*MATERIAL PROVIDED*
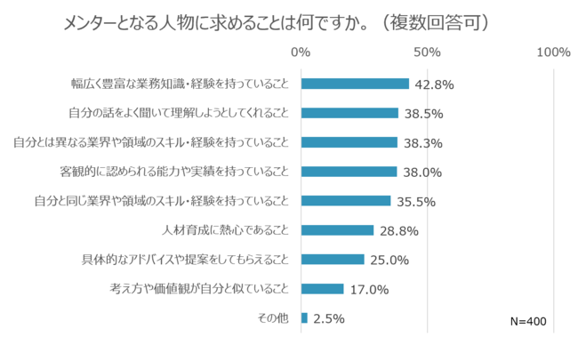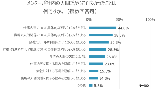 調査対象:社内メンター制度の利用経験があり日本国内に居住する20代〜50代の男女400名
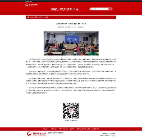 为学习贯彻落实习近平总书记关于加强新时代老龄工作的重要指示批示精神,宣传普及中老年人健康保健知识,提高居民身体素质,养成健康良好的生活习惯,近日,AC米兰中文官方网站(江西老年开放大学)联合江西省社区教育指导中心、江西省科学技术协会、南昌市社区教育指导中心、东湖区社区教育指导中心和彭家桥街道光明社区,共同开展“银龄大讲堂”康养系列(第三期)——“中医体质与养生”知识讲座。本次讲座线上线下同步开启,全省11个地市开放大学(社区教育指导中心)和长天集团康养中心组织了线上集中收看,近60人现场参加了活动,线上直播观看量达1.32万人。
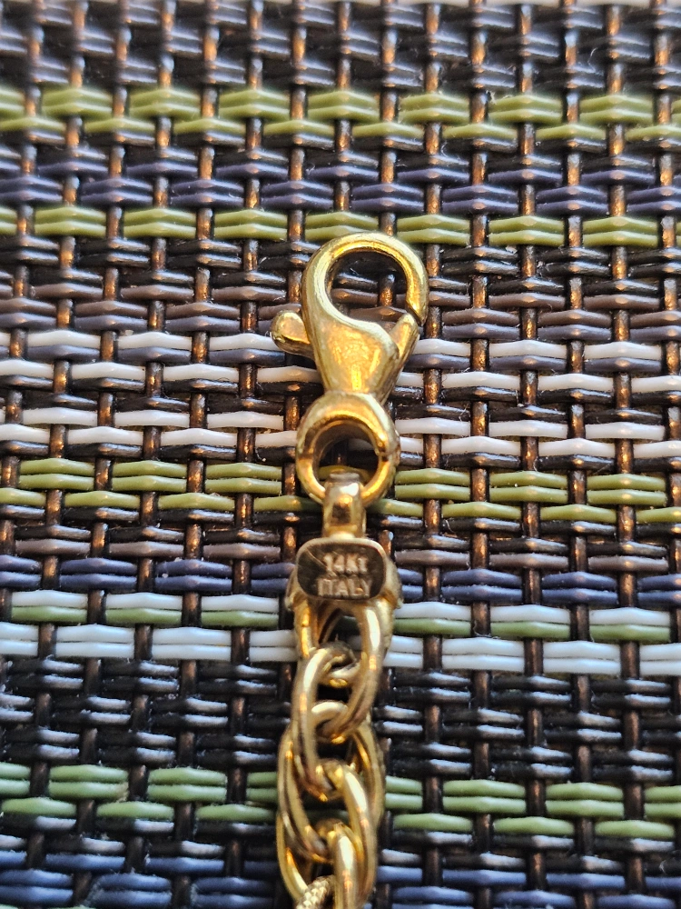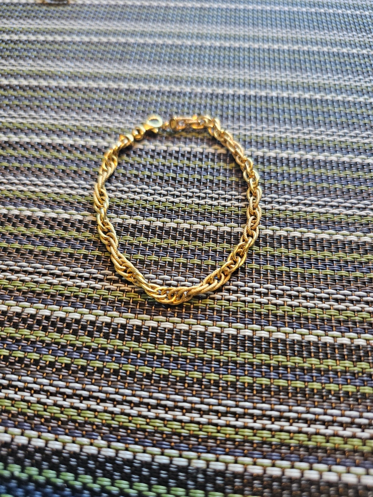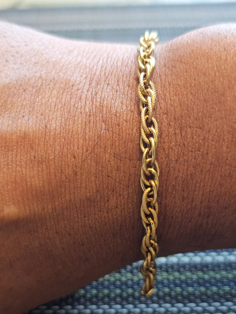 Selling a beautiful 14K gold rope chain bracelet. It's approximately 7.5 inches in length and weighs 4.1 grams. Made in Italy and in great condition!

*TASK*
Leave out the pictures and give the rest of the material again, unaltered.

*SOLUTION TO THIS PROBLEM*
 調査対象:社内メンター制度の利用経験があり日本国内に居住する20代〜50代の男女400名
 为学习贯彻落实习近平总书记关于加强新时代老龄工作的重要指示批示精神,宣传普及中老年人健康保健知识,提高居民身体素质,养成健康良好的生活习惯,近日,AC米兰中文官方网站(江西老年开放大学)联合江西省社区教育指导中心、江西省科学技术协会、南昌市社区教育指导中心、东湖区社区教育指导中心和彭家桥街道光明社区,共同开展“银龄大讲堂”康养系列(第三期)——“中医体质与养生”知识讲座。本次讲座线上线下同步开启,全省11个地市开放大学(社区教育指导中心)和长天集团康养中心组织了线上集中收看,近60人现场参加了活动,线上直播观看量达1.32万人。
 Selling a beautiful 14K gold rope chain bracelet. It's approximately 7.5 inches in length and weighs 4.1 grams. Made in Italy and in great condition!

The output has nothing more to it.